Brown rice syrup is made from brown rice varieties and ‘normal’ rice syrup is made from white rice varietals.
This syrup consist of three main sugars: maltotriose, maltose, and glucose. What this basically means is that the syrup itself acts like glucose when you ingest it.
Unlike its more nutritious rice form, the syrup produced from it does not contain a lot of nutrients. It has minuscule amounts of potassium and calcium.
It is very high in sugars and therefore in calories as well. This means you should be mindful of the amounts you consume and use in food.
This syrup, like all very sweet and concentrated sugary products, can cause spikes in blood sugar levels and can even contribute to obesity and many other health problems.
Functions Of Rice Syrup In Food
Rice syrups functions in the same way many other syrups do. The main difference is mostly in its flavor.
Rice syrup performs one, if not multiple, functions in a recipe:
- It adds sweetness to any dish, be it savory or sweet. It can be used in baked goods, candies, marinades, glazes, sauces and much, much more.

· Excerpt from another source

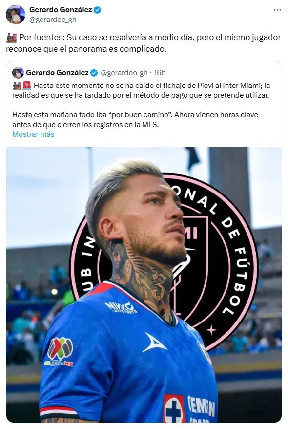 A su vez, Carlos Córdova señaló que Gonzalo Piovi está insistiendo para que se realice la transferencia. En la misma línea, en Fox Sports se agregó: “Estaría bajo de ánimo, ya que se ilusionó con llegar al Inter Miami con Lionel Messi y otras estrellas, pero se reitera, que aún hay chances de que se destrabe”. Sin dudas resulta un golpe duro porque resultó una sorpresa que finalmente el club presidido por David Beckham no llegara a las cifras establecidas desde el primer momento.

- It adds color to food and helps promote the Maillard reaction (browning of food). Although brown rice syrup itself isn’t always very dark, when baking or broiling, the sugar caramelizes and causes the food to become darker (golden brown).
- It acts as a binding agent because of its stickiness. This is especially important when making glazes that should stick to food and not run down from it. Because of its already thick consistency, it works perfectly.
- It adds flavor. Although syrup is often too sweet to distinguish it from others, many syrups do still have a unique taste. Rice syrup is one of those along with maple syrup. It adds another, albeit slight, flavor cue.
Best Rice Syrup Substitutes By Use
When choosing a substitute for rice syrup, the best way to look at it is functionality. If you need syrup that will instantly add color, then choose a darker one, but if you only need it to help bind something or add sweetness, almost any sugary syrup will do.
Corn Syrup – Best Overall Substitute
Corn syrup is the best and ultimate substitution for rice syrup. This is because it has an equal sweetness to it and a very similar consistency.
Although corn syrup is much lighter in color, almost translucent, it still performs all the functions rice syrup does. It can help bind food together, help add sweetness, flavor and also browns nicely.
Corn syrup has a slight grain-like flavor, just like rice syrup does – another benefit. It is also easily accessible and very affordable, unlike many other types of syrup.
You can use corn syrup as a substitution in equal parts, that is a 1:1 substitution.
Unlike other substitutions that only require a ¼ cup or even ¾ cup, this 1:1 ratio means that the recipe won’t be significantly affected at all by just replacing rice syrup with corn syrup.
You won’t have to adjust wet or dry ingredients to get similar textures, consistencies or quantities).
Maple Syrup – Second Best Overall Choice
Good old maple syrup always seems to come to the rescue and rightfully so. Maple syrup is an excellent choice and the only reason corn syrup outdoes it is because of the price tag.
Maple syrup is often more expensive than corn syrup, and even rice syrup, but if you have some on hand and are in a pinch, it will work astonishingly well.
Unlike corn syrup, maple syrup is dark in color just like rice syrup and has a unique flavor that can be imparted into the food, though it will taste different from either corn or rice syrup.
Maple syrup is generally sweeter and thinner than rice syrup so you only need to use ¾ cup for every 1 cup of rice syrup, if you only require sweetness to your recipe.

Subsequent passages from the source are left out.